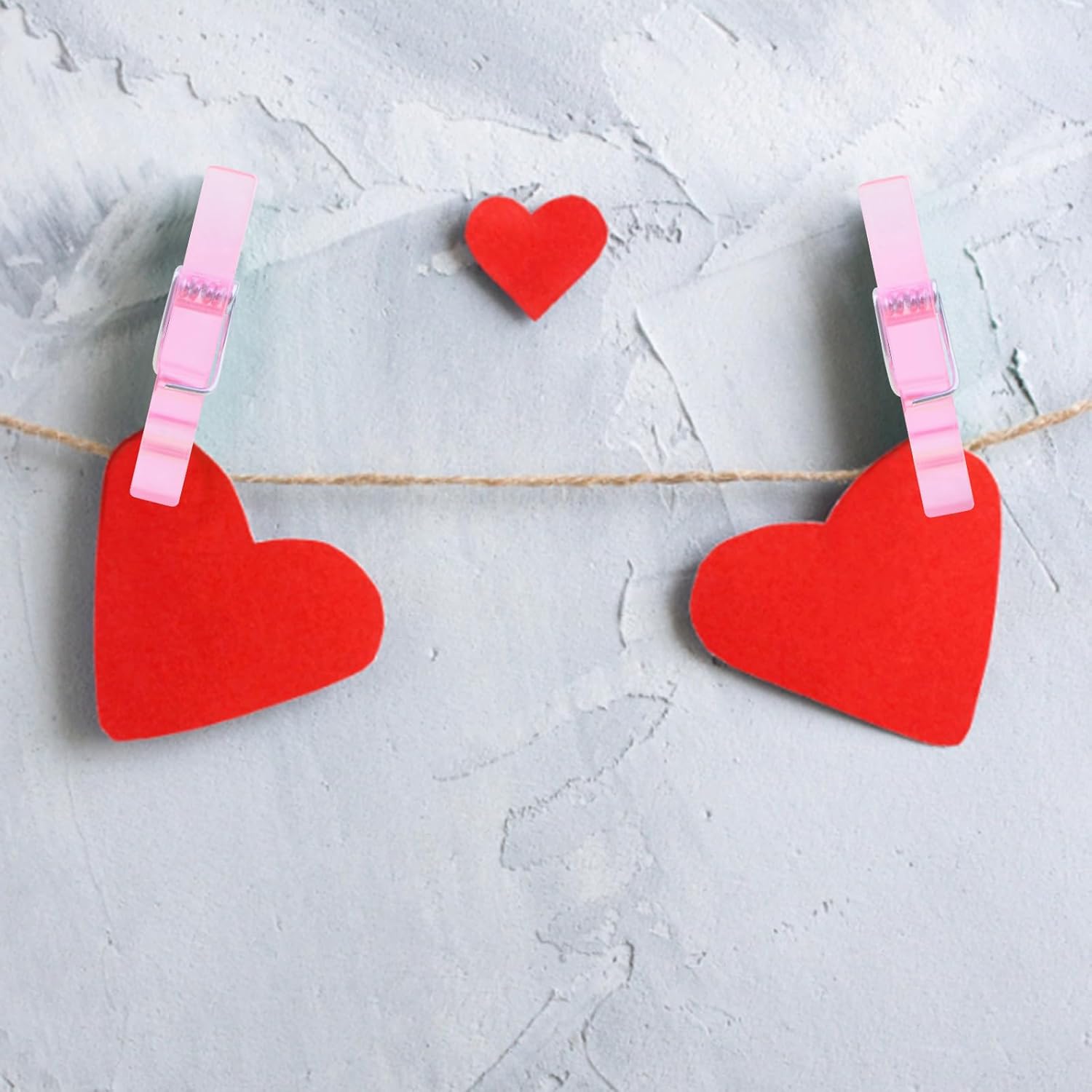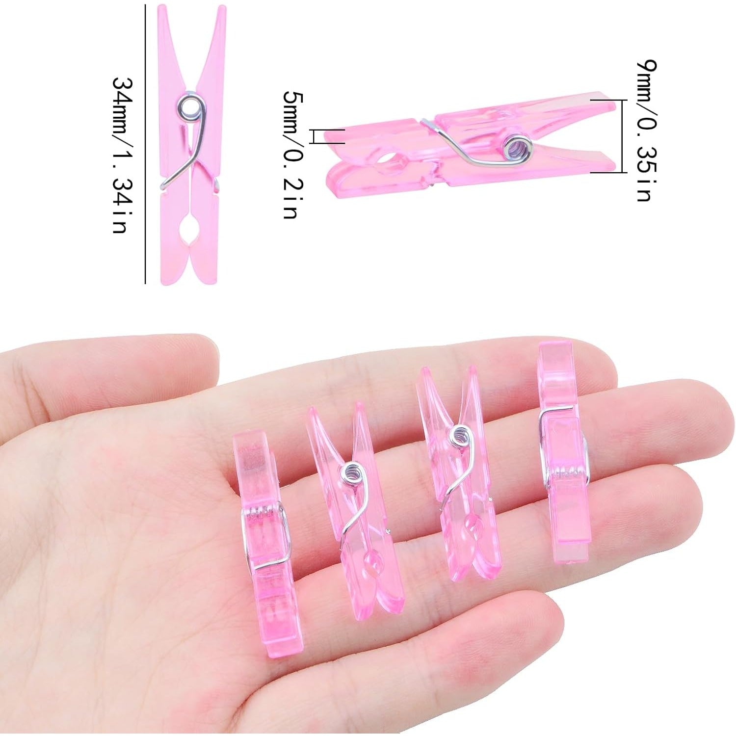 100 Pieces Clear Plastic Clothespins Mini Transparent Craft Clips Pictures Paper Peg Pins for Hanging Photos String Fairy Lights Wedding Party Decor, pink
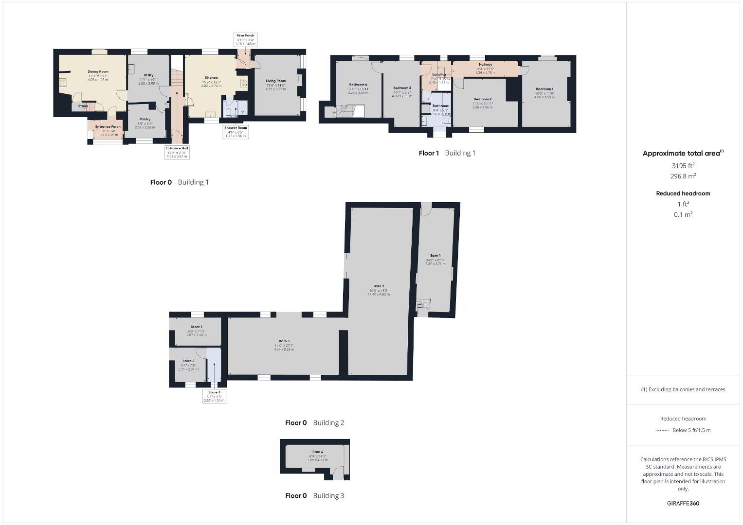 • Approx. 3,195 sq ft including barns and outbuildings
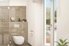 - Просторные современные ванные комнаты (отделка керамогранитом, душевые кабины в уровень с полом, дизайнерская арматура)
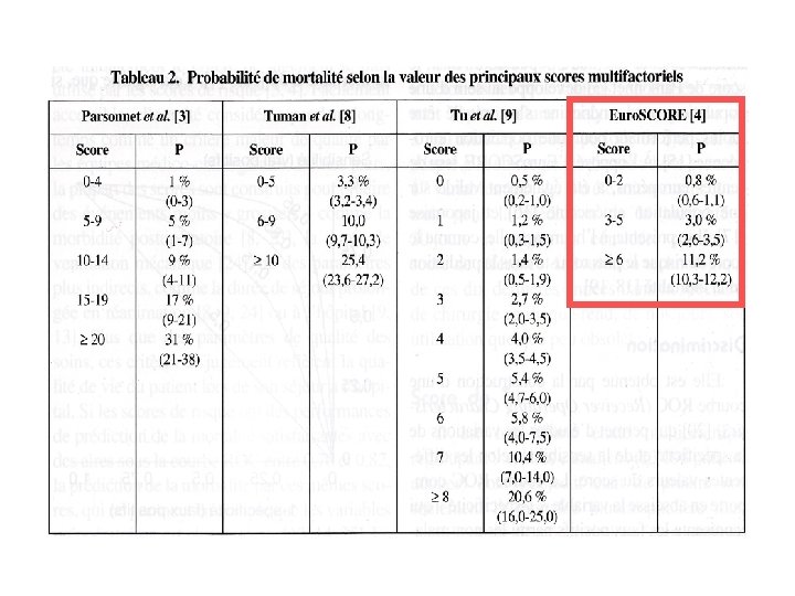 Scores de risque • • • Score de Parsonnet Score de Tuman Euro. SCORE 1 et 2 Score de Higgins CARE score Stratification du risque
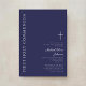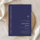 Custom Modern Navy Blue Cross First Communion Invitation.
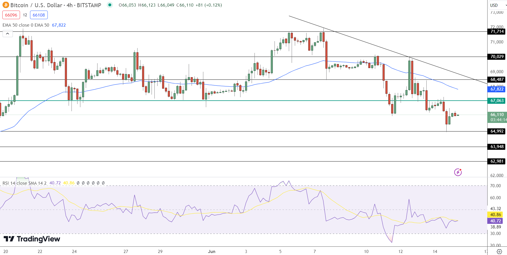 While the Fed is widely expected to maintain the current interest rate, a Reuters poll suggests a possibility of two rate cuts later this year. This potential policy shift could significantly impact Bitcoin’s price, which has already dipped to $67,500 from last week’s peak of nearly $72,000.
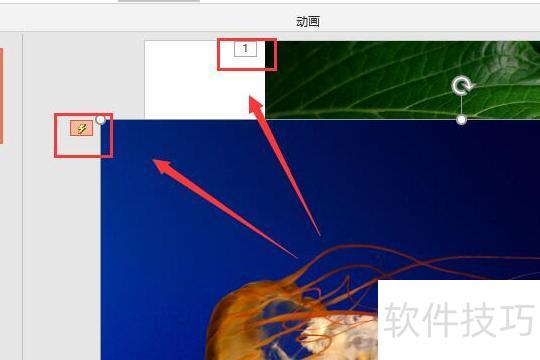 系统按编辑动画的先后顺序自动为图片编号,首张为1,次张为2,其中第二张显示闪电标志,表示已添加触发效果。
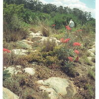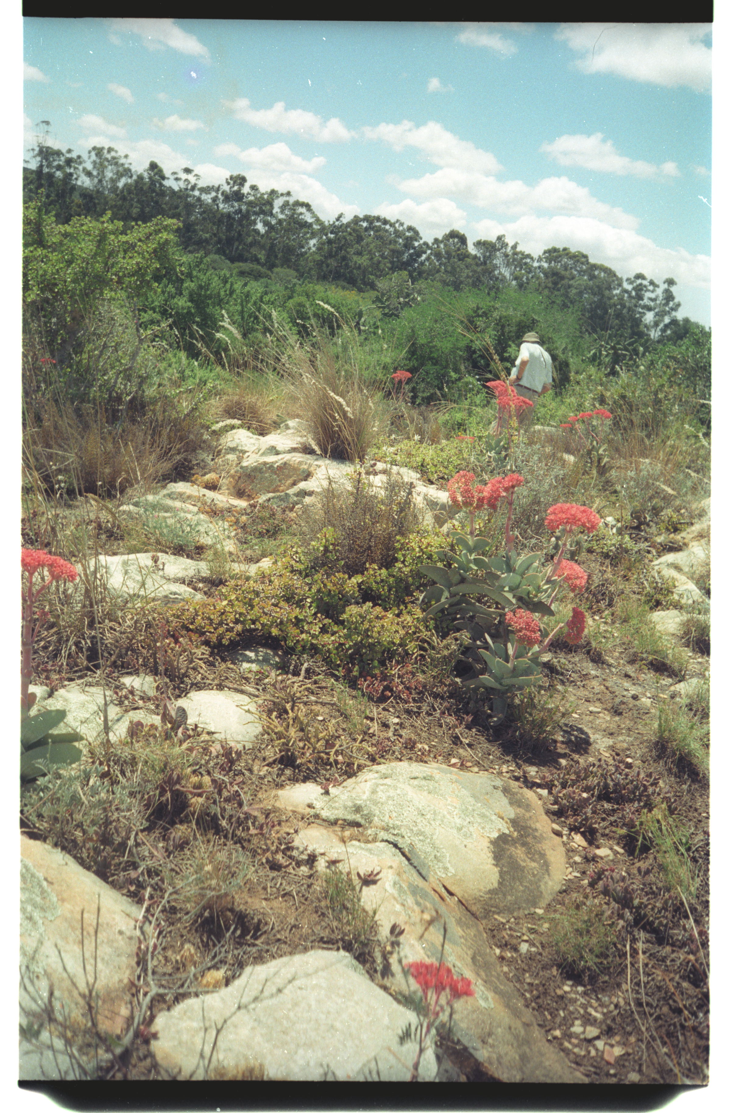 - The only outcrop of rock known in what was once dense Valley Bushveld. Well stocked with succulent plants including Crassula perfoliata. Note Spekboom bush in right background.
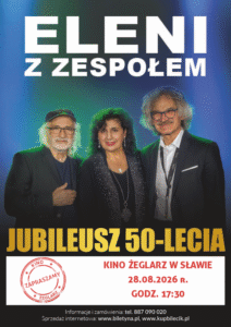 Pod koniec sierpnia w Kinie Żeglarz w Sławie wystąpi Eleni wraz z zespołem. Artystka będzie świętować na scenie wyjątkowy jubileusz 50-lecia swojej działalności muzycznej. Publiczność czeka niezwykła podróż przez największe przeboje, które towarzyszą słuchaczom od pół wieku.

· · · · · · ·

* Task brief: Copy nothing but the lines from the line that contains "Scores de risque" through the end of the listing, exactly, and keep pictures out of it.

* Task solution:
 Scores de risque • • • Score de Parsonnet Score de Tuman Euro. SCORE 1 et 2 Score de Higgins CARE score Stratification du risque
 Custom Modern Navy Blue Cross First Communion Invitation.
 While the Fed is widely expected to maintain the current interest rate, a Reuters poll suggests a possibility of two rate cuts later this year. This potential policy shift could significantly impact Bitcoin’s price, which has already dipped to $67,500 from last week’s peak of nearly $72,000.
 系统按编辑动画的先后顺序自动为图片编号,首张为1,次张为2,其中第二张显示闪电标志,表示已添加触发效果。
 - The only outcrop of rock known in what was once dense Valley Bushveld. Well stocked with succulent plants including Crassula perfoliata. Note Spekboom bush in right background.
 Pod koniec sierpnia w Kinie Żeglarz w Sławie wystąpi Eleni wraz z zespołem. Artystka będzie świętować na scenie wyjątkowy jubileusz 50-lecia swojej działalności muzycznej. Publiczność czeka niezwykła podróż przez największe przeboje, które towarzyszą słuchaczom od pół wieku.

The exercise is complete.